Rien de ce qui peut être dit sur le sujet, cependant, ne donnera un tel sentiment de la grâce et de la puissance de Jésus comme Souverain Sacrificateur, qu’un peu d’expérience pratique, acquise en se tournant vers lui dans les moments difficiles et de besoin. Alors, prends garde à l’exhortation: « Approchons-nous donc avec confiance du trône de la grâce afin que nous recevions miséricorde et que nous trouvions grâce pour avoir du secours au moment opportun.» (Héb. 4:16).
Tout cela va nous apprendre à regarder avec joie au Seigneur Jésus comme

LA TÊTE, - qui dirige.
Christ est la Tête de l’Église, de même que le mari est le chef de la femme (Eph. 5:23).
De lui aussi, en tant que chef découle toute nourriture et approvisionnement pour son Corps (Eph. 4:15, 16).
La sagesse, la direction et la nourriture sont des besoins quotidiens, et leur provision n’est pas en nous-mêmes, mais en lui. En tant que chef, il en est la source abondante. «Tenir ferme le chef» (Col. 2:19), c’est l’apprécier et s’attacher à lui en tant que tel, et ainsi vraiment trouver en lui ce qui nous rend heureusement indépendants de la sagesse de l’homme dans le rationalisme (Col. 2: 8), et de sa religion dans le ritualisme (Col. 2: 20-23).
Christ est tout, et ainsi il devient tout pour le cœur du croyant. Nous ne cherchons rien en dehors de lui.

Un mot d’avertissement !
Ne penses pas que chacune de ces étapes dans la connaissance du Christ soit indépendante des autres.
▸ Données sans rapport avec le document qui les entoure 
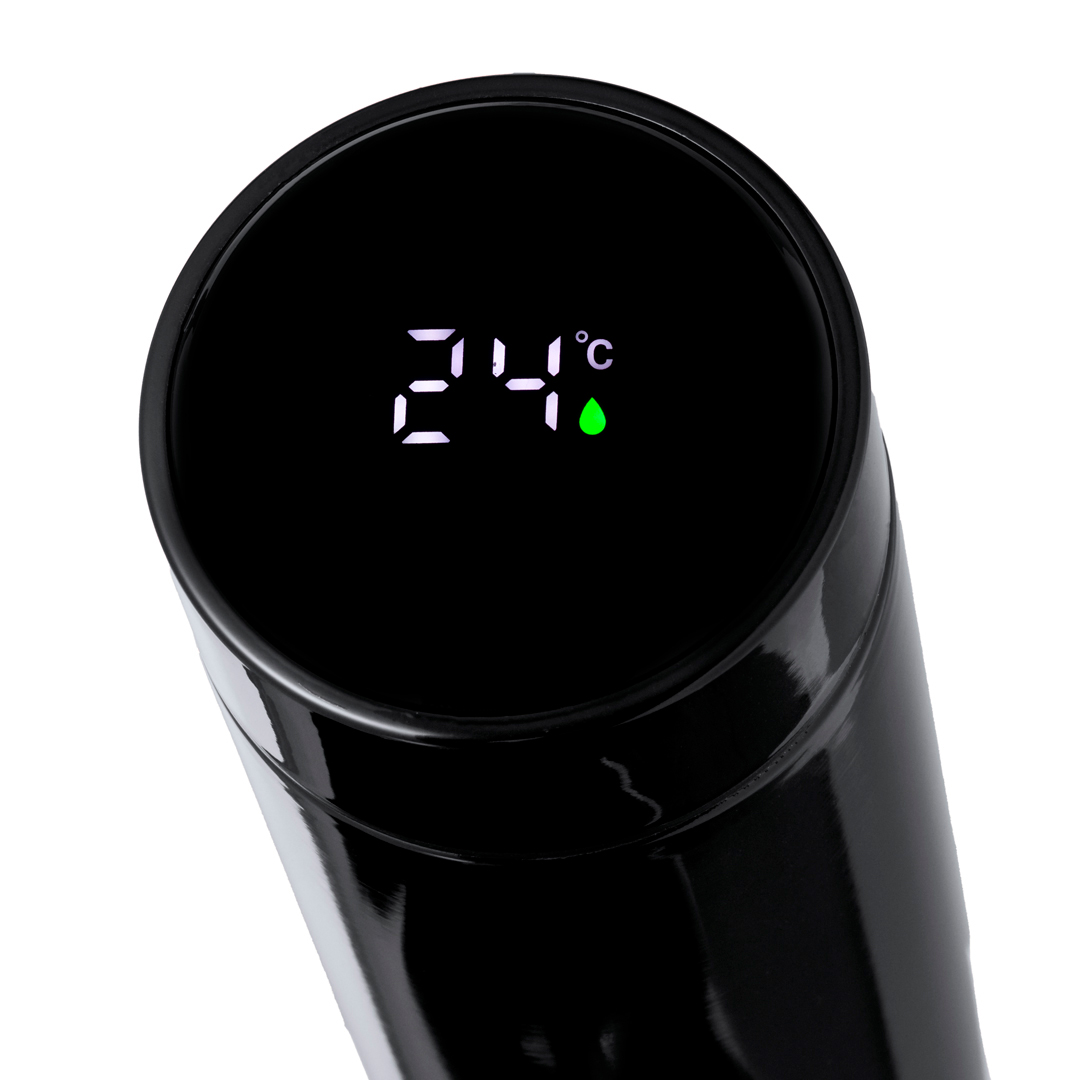 High quality, double-wall, 450 ml capacity thermal flask with tactile temperature gauge integrated in the cap. Made in stainless steel, which offers exceptional strength and durability and including stainless steel cap with integrated, BPA-free, infuser. Battery powered (button cell included), with instructions manualin English and Spanish. Available in a wide range of colours and presented in an attractive kraft design box.

Elles sont étroitement liées et se confondent souvent l’une dans l’autre dans l’histoire du croyant.
Le but final est que nous soyons bien établis; que nous ne soyons plus des enfants, mais des hommes accomplis, Christ étant tout pour nous.

 

1) John Bunyan vivait en Angleterre vers 1650. Il a écrit un livre : « Le voyage du pèlerin ». H.-L. Taylor en a repris le thème et adapté pour les enfants sous le titre : « Le voyage du petit pèlerin » traduit en français (1950) dans la Collection Ligue pour la lecture de la Bible.